Exercise materials Start Marker

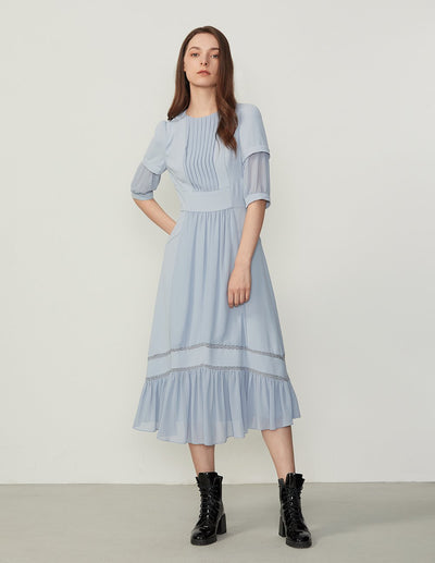 BORA AKSU Crew Neck Patch Pocket Thin Belted Dress
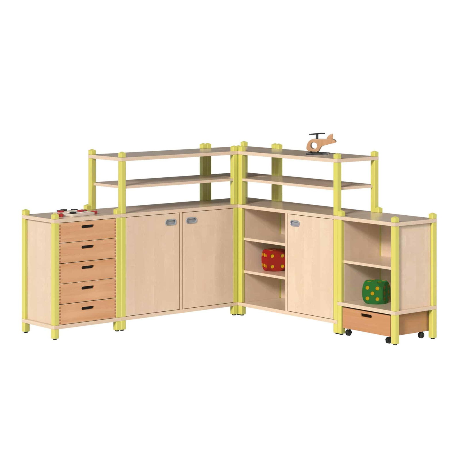 - Vielfältige Stauraumlösungen in einem System: Diese Eckkombination ist ein wahres Multitalent. Sie vereint offene Regale für schnellen Zugriff, Schränke mit Türen für verdeckte Aufbewahrung, hochwertige Massivholzschübe für Kleinteile und einen mobilen Rollkasten für flexibles Spielzeug-Management.
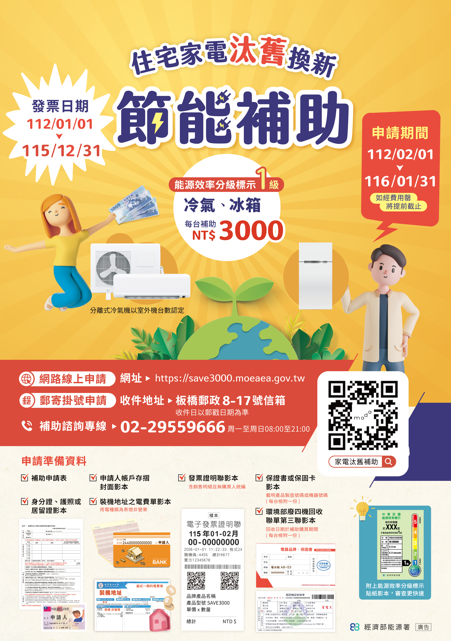 (四)補助專屬網站:https://save3000.moeaea.gov.tw (五)補助諮詢專線:02-2955-9666
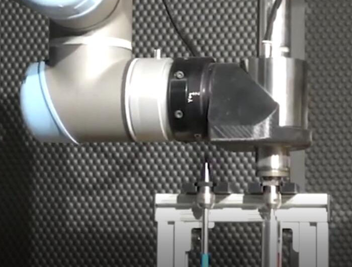 铝铸件去毛刺,不仅要去除外表面毛刺,还要去除内孔毛刺,因此同一件工件需要更换不同的研磨耗材,视频中,就是在小型机械臂上加装NAKANISHI自动换刀电主轴NR3060-AQC的加工视频。
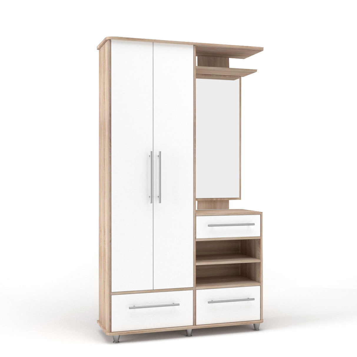 Σετ υψηλής αντοχής και ποιότητας, κατάλληλο για την είσοδο του σπιτιού ή του χωλ, σε λευκή και sonoma απόχρωση. Το σετ απαρτίζεται από μία δίφυλλη ντουλάπα με συρτάρι, ένα καθρέπτη και ένα έπιπλο το οποίο διαθέτει ένα ράφι αποθήκευσης και 2 συρτάρια. Μια μοντέρνα επιλογή για να τακτοποιήσετε και να διακοσμήσετε την είσοδο του σπιτιού σας.
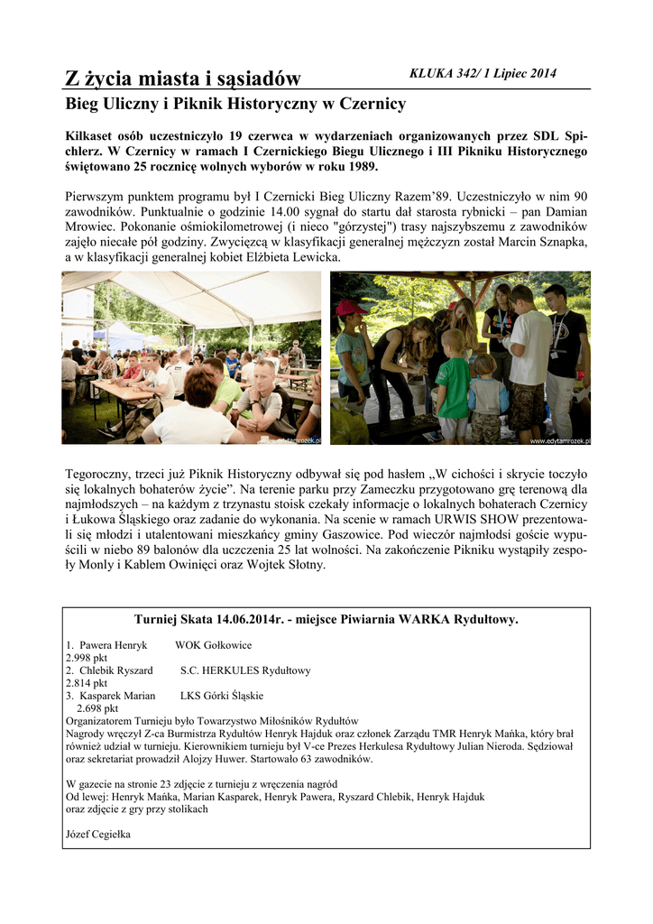 Z Ŝycia miasta i sąsiadów KLUKA 342/ 1 Lipiec 2014 Bieg Uliczny i Piknik Historyczny w Czernicy Kilkaset osób uczestniczyło 19 czerwca w wydarzeniach organizowanych przez SDL Spichlerz. W Czernicy w ramach I Czernickiego Biegu Ulicznego i III Pikniku Historycznego świętowano 25 rocznicę wolnych wyborów w roku 1989. Pierwszym punktem programu był I Czernicki Bieg Uliczny Razem’89. Uczestniczyło w nim 90 zawodników. Punktualnie o godzinie 14.00 sygnał do startu dał starosta rybnicki – pan Damian Mrowiec. Pokonanie ośmiokilometrowej (i nieco "górzystej") trasy najszybszemu z zawodników zajęło niecałe pół godziny. Zwycięzcą w klasyfikacji generalnej męŜczyzn został Marcin Sznapka, a w klasyfikacji generalnej kobiet ElŜbieta Lewicka. Tegoroczny, trzeci juŜ Piknik Historyczny odbywał się pod hasłem „W cichości i skrycie toczyło się lokalnych bohaterów Ŝycie”. Na terenie parku przy Zameczku przygotowano grę terenową dla najmłodszych – na kaŜdym z trzynastu stoisk czekały informacje o lokalnych bohaterach Czernicy i Łukowa Śląskiego oraz zadanie do wykonania. Na scenie w ramach URWIS SHOW prezentowali się młodzi i utalentowani mieszkańcy gminy Gaszowice. Pod wieczór najmłodsi goście wypuścili w niebo 89 balonów dla uczczenia 25 lat wolności. Na zakończenie Pikniku wystąpiły zespoły Monly i Kablem Owinięci oraz Wojtek Słotny. Turniej Skata 14.06.2014r. - miejsce Piwiarnia WARKA Rydułtowy. 1. Pawera Henryk WOK Gołkowice 2.998 pkt 2. Chlebik Ryszard S.C. HERKULES Rydułtowy 2.814 pkt 3. Kasparek Marian LKS Górki Śląskie 2.698 pkt Organizatorem Turnieju było Towarzystwo Miłośników Rydułtów Nagrody wręczył Z-ca Burmistrza Rydułtów Henryk Hajduk oraz członek Zarządu TMR Henryk Mańka, który brał równieŜ udział w turnieju. Kierownikiem turnieju był V-ce Prezes Herkulesa Rydułtowy Julian Nieroda. Sędziował oraz sekretariat prowadził Alojzy Huwer. Startowało 63 zawodników. W gazecie na stronie 23 zdjęcie z turnieju z wręczenia nagród Od lewej: Henryk Mańka, Marian Kasparek, Henryk Pawera, Ryszard Chlebik, Henryk Hajduk oraz zdjęcie z gry przy stolikach Józef Cegiełka Kandydaci na Rydułtowika roku KLUKA 341/1 Czerwiec 2014 Stefan DroŜdŜok Urodziłem się 20.03.1966 r. w Rydułtowach. Jestem absolwentem Wydziału PedagogicznoArtystycznego Uniwersytetu Śląskiego w Katowicach. Swoją karierę zawodową rozpoczynałem w Szkołach Podstawowych w Nędzy i Babicach, jako nauczyciel muzyki i wychowania fizycznego. W roku 2000 rozpocząłem pracę w Gimnazjum nrl w Rydułtowach, w charakterze nauczyciel muzyki i wychowania fizycznego a niedługo potem w Ognisku Pracy Pozaszkolnej. Od początku mojej kariery zawodowej swoje zainteresowania i umiejętności muzyczne starałem się przekazać młodzieŜy, nie tylko, jako nauczyciel, ale teŜ, jako instruktor młodzieŜowych zespołów muzycznych. Z pod mojej ręki wyszło wielu utalentowanych muzyków-instrumentalistów jak i wokalistek. Poprzez wszystkie te lata pracy zawodowej prowadziłem wiele zespołów rockowych, instrumentalno-wokalnych, wokalnych, chórów, które godnie reprezentowały nasze miasto na skalę międzynarodową, wojewódzką i powiatową. Obecnie bazując na wychowankach Gimnazjum nrl jak i Ogniska Pracy Pozaszkolnej prowadzę cztery zespoły muzyczne. Tylko w tym roku zespoły te reprezentując Rydułtowy zdobyły laury na konkursach i festiwalach np: · „Vacuum" l miejsce na Wojewódzkim Festiwalu piosenki MłodzieŜowej w Knurowie. · „ Turbulencja" l miejsce na tym samym festiwalu w kategorii zespoły wokalne. · „ Biało Czarni" l miejsce na Wojewódzkim Przeglądzie Kolęd i Pastorałek w Chorzowie. · „ Turbulencja" l miejsce na Rydułtowskim Przeglądzie zespołów Folklorystycznych „ Witej wiosno roztomiło" · „ Turbulencja" l wyróŜnienie na Festiwalu Muzyki MłodzieŜowej w Czerwionce - Leszczynach. , To tylko niewielka część działalności tych grup muzycznych zasługuje na uwagę fakt, iŜ zespoły te systematycznie współpracują z rydułtowskimi instytucjami takimi jak: Urząd Miasta, Urząd Stanu Cywilnego, Towarzystwo Miłośników Rydułtów, ZHP, rydułtowskie szkoły dając koncerty i uświetniając imprezy miejskie, środowiskowe. Chciałbym poprzez swoją działalność kulturalno-muzyczną jeszcze przez wiele lat rozsławiać dobre imię naszego Miasta. Zgłoszenia kandydata dokonali mieszkańcy Rydułtów. (zgłoszenie w TMR) Joanna Rusok Urodziłam się 7 lutego 1956 roku w Rydułtowach, jestem Ślązaczką z urodzenia i ducha. Szkołę podstawową i liceum ukończyłam równieŜ w Rydułtowach. W latach 1972 – 1975 prowadziłam Ŝeńską druŜynę harcerską działającą przy Szkole Podstawowej nr 1. Studiowałam na Uniwersytecie Śląskim w Katowicach na Wydziale Biologii i Ochrony Środowiska i ukończyłam na tym wydziale Biologię o specjalności nauczycielskiej. Przez 19 lat pracowałam w Szkole Podstawowej Nr 1, gdzie byłam nauczycielem biologii oraz wicedyrektorem a obecnie od 13 lat jestem dyrektorem Szkoły Podstawowej nr 3 w Rydułtowach. Szczególną uwagę zwracam na ochronę środowiska – wynika to z mojej profesji, ale równie duŜą na zachowanie tradycji śląskiej. Bardzo zaleŜy mi zachowaniu gwary śląskiej, na kultywowaniu tradycji śląskich, przypomnienie dawnych zwyczajów, teraz zanikających. Uczniowie mojej szkoły na uroczystościach miejskich i szkolnych występują w strojach będących kopią strojów noszonych na naszym terenie 100 lat temu. Staram się propagować strój śląski, zamiast chętnie stosowanego „stroju cepeliowskiego” Współpracujemy z Kołem Gospodyń Wiejskich, korzystamy z ich doświadczeń i wspomnień. W projektach realizowanych w naszej szkole skupiamy się na ochronie przyrody i kultywowaniu tradycji śląskich. SłuŜyła temu równieŜ współpraca z Polską Szkołą w Orłowej. Bliskie kontakty ze Ślązakami zza Olzy bardzo

Exercise materials End Marker

- _Action item_: From the data above, retype only the lines starting with the line with "(四)補助專屬網站:http" and going on through the line with "Σετ υψηλής αντοχής", exactly, leaving out the pictures.

- _Task response_:
 (四)補助專屬網站:https://save3000.moeaea.gov.tw (五)補助諮詢專線:02-2955-9666
 铝铸件去毛刺,不仅要去除外表面毛刺,还要去除内孔毛刺,因此同一件工件需要更换不同的研磨耗材,视频中,就是在小型机械臂上加装NAKANISHI自动换刀电主轴NR3060-AQC的加工视频。
 Σετ υψηλής αντοχής και ποιότητας, κατάλληλο για την είσοδο του σπιτιού ή του χωλ, σε λευκή και sonoma απόχρωση. Το σετ απαρτίζεται από μία δίφυλλη ντουλάπα με συρτάρι, ένα καθρέπτη και ένα έπιπλο το οποίο διαθέτει ένα ράφι αποθήκευσης και 2 συρτάρια. Μια μοντέρνα επιλογή για να τακτοποιήσετε και να διακοσμήσετε την είσοδο του σπιτιού σας.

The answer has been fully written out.